Everyone stays indoors, trolling celebrities on the internet, binge-watching several seasons of television shows, taking pictures of our own asses and submitting them to purveying masses online, everyone hunched behind their own glowing screens. In other words, not that much has actually changed. The last remaining priests are scribing the antiethnologies of symparanekromenoi, a practice that brings us brilliantly graphic standup comedy. I finish my glass of milk, and sit up from my flower-printed vinyl couch, its sticky adhesive binding to my skin, slowly peeling off my back, and emerge from my gloomy track house, and across my lawn of dust. It’s two in the afternoon, so I head to the nightclub.

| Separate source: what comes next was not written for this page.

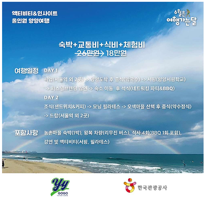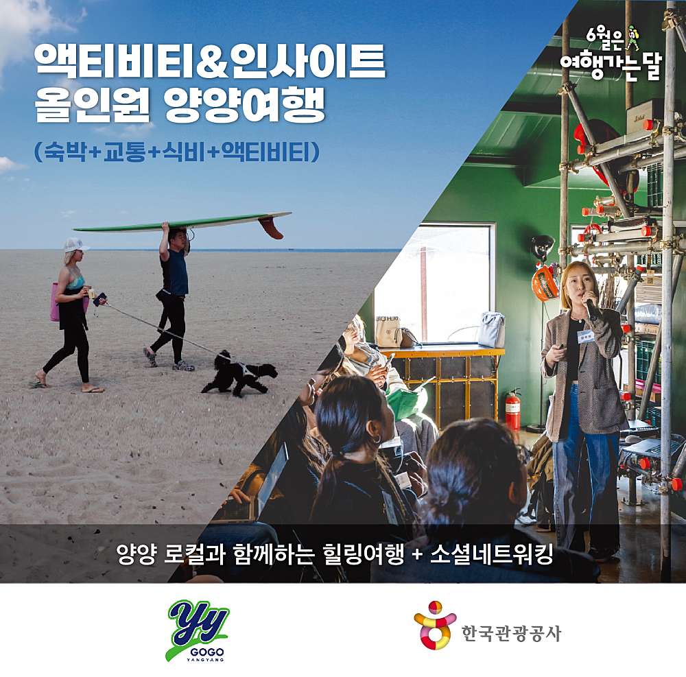 한국관광공사 강원지사와 함께하는 여행가는 달 !! 양양 프라이빗 해변에서 서핑과 필라테스도 배우고, 나의 가치찾기(퍼스널 브랜딩)를 통해 인사이트까지 챙겨가는 특별한 양양여행 서울-양

My entire generation meets in the air conditioned nightclub during the day, drinking expensive cocktails, sweating, dancing for hours. I see a few kids squatted on all fours, striking pieces of flint together. Another group is huddled around a dying campfire, trying to keep their fingers warm. A man who has dropped acid everyday for the last seven hundred years is dancing with a lady with one arm, dressed in pink linens, her bulging fat swishing from side to side. They shake and push violently, the floor of neon squares flickering sporadically under them.

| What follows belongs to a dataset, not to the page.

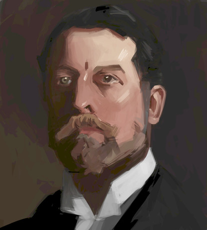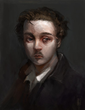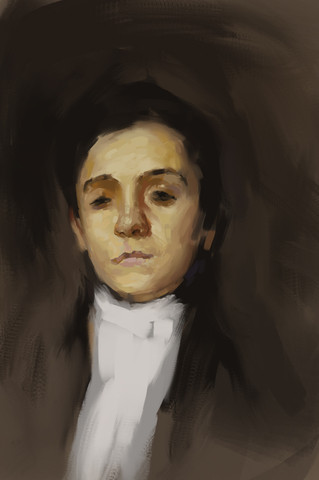 I set myself a practice piece - looking at John Singer Sargent's portrait of Leon Delafosse to try and recreate through digital paintinga few different brushes of mine used, but mostly it was with teh mixing paint brush mode with the custom settings of wet: 90%, load 100%, mix 35%, flow 100% - and without sampling all layers, so i just work mostly on just a single layer or two.

‘This is all so absurd,’ I think to myself. And I pick up a stone and throw it at the DJ, everything stopping for the first time in eternity.

Baudrillard was right: ‘the masses themselves are caught up in a gigantic process of inertia through acceleration. They are this excrescent, devouring, process that annihilates all growth and all surplus meaning.’ Yes, eternal recurrence will shove us back into the squalid days and nights until there are no fond memories and no bad ones either. But the spectacle of hyperreality is degrading further and further until there is nothing left. Eventually it’s just a chimera of gold dust, a strange dream with the sounds of young laughter echoing in the background. Schopenhauer discussed the ultimate nature of reality as being driven and defined by the Will. We are trembling mannequins of meat, driven entirely by the need to satisfy desires. Our ephemeral fury to make something of ourselves, to attach some purpose to all of this, to build a little legacy—whether it’s a man raising his children or Trump erecting his coruscating phalluses—is a symptom of the Will, pushing everything further and further into the absurdity of existence.

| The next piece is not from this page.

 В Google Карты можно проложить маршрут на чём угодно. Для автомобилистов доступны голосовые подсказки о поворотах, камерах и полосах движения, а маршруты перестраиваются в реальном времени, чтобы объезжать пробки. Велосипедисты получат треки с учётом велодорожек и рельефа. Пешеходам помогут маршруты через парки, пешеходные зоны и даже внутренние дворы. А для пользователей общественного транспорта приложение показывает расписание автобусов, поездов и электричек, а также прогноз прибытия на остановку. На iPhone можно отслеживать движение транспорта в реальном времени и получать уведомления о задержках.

What eternal recurrence fails at considering is the nature of the Will. Desires can never achieve their satisfactions  .  .  .  once the Will attains some momentary triumph, it gets bored with it, and banters off to some other colorful frontier. We humans are the only animal who will never attain true satisfaction  .  .  .  the restless torpid bodies of this recurring dream try again and again to achieve something tolerable, scratching at the sky to make all this worth it, until death finally swallows us, soothing all of our desires and illusory sense of purpose. This is why people have children—they want to destine their own blood to the endless cycle of suffering and defeat. We willfully orchestrate the eternal recurrence for ourselves.

Schopenhauer said the only reasonable response to the absurdity of existence was to denounce the Will everywhere possible, especially that of sexual desire, in order to not reproduce little replicas of ourselves that will have to carry on further into the absurd of the eternal. But denying yourself face-sitting, 69-ing, long spouts of ecstasy-induced fucking, is surely the most miserable and absurd of all existences, some sort of cruel illusory asceticism that will only cause you to hate sunsets and everything beautiful.

Eternal recurrence was beaten by the Will. There is nothing certain anymore.

At the end of it all, we’ll have a few rusted accruements above the fireplace. We’ll have our various degrees and conquests, like seashells of legacy that we can rub with our thumb. Most of all, we’ll have memories of our lovers. When we were young, and we loved without consequence—at least we’ll have that. One day, we’ll find a fresh bubbling spring, and we’ll bathe with the native choirs all around us. One day the vines will swallow everything. A cool breeze will move the grasses and we’ll smile with the sun on our faces.